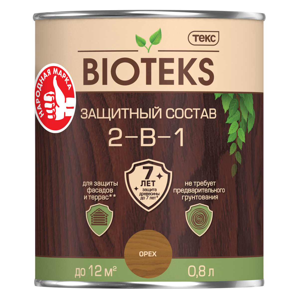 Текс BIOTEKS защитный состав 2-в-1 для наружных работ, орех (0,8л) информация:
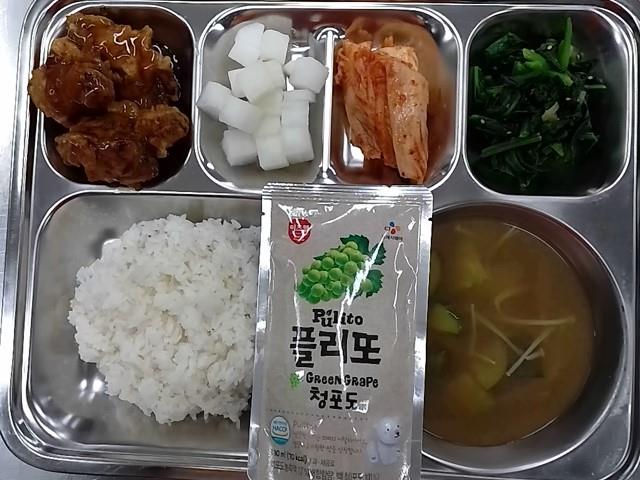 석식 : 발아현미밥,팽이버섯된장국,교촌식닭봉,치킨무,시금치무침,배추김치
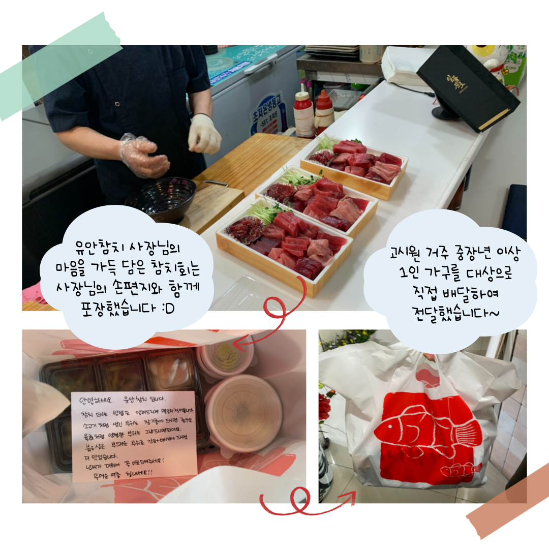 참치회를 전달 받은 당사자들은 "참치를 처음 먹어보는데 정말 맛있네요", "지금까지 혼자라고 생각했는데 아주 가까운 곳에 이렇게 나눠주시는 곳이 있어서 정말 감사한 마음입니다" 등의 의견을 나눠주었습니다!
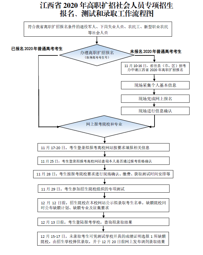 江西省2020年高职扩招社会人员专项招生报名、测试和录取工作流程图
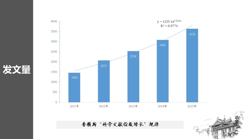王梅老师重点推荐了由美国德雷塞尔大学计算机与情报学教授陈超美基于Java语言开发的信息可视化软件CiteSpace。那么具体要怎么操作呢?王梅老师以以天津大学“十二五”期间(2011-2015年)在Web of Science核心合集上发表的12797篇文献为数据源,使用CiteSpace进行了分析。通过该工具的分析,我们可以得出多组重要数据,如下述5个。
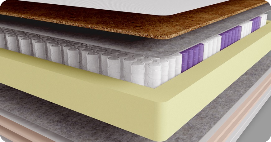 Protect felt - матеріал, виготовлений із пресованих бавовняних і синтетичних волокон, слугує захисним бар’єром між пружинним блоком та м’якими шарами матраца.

- Problem description -
Please copy the records above word for word, omitting every picture.

- Response below -
 Текс BIOTEKS защитный состав 2-в-1 для наружных работ, орех (0,8л) информация:
 석식 : 발아현미밥,팽이버섯된장국,교촌식닭봉,치킨무,시금치무침,배추김치
 참치회를 전달 받은 당사자들은 "참치를 처음 먹어보는데 정말 맛있네요", "지금까지 혼자라고 생각했는데 아주 가까운 곳에 이렇게 나눠주시는 곳이 있어서 정말 감사한 마음입니다" 등의 의견을 나눠주었습니다!
 江西省2020年高职扩招社会人员专项招生报名、测试和录取工作流程图
王梅老师重点推荐了由美国德雷塞尔大学计算机与情报学教授陈超美基于Java语言开发的信息可视化软件CiteSpace。那么具体要怎么操作呢?王梅老师以以天津大学“十二五”期间(2011-2015年)在Web of Science核心合集上发表的12797篇文献为数据源,使用CiteSpace进行了分析。通过该工具的分析,我们可以得出多组重要数据,如下述5个。
 Protect felt - матеріал, виготовлений із пресованих бавовняних і синтетичних волокон, слугує захисним бар’єром між пружинним блоком та м’якими шарами матраца.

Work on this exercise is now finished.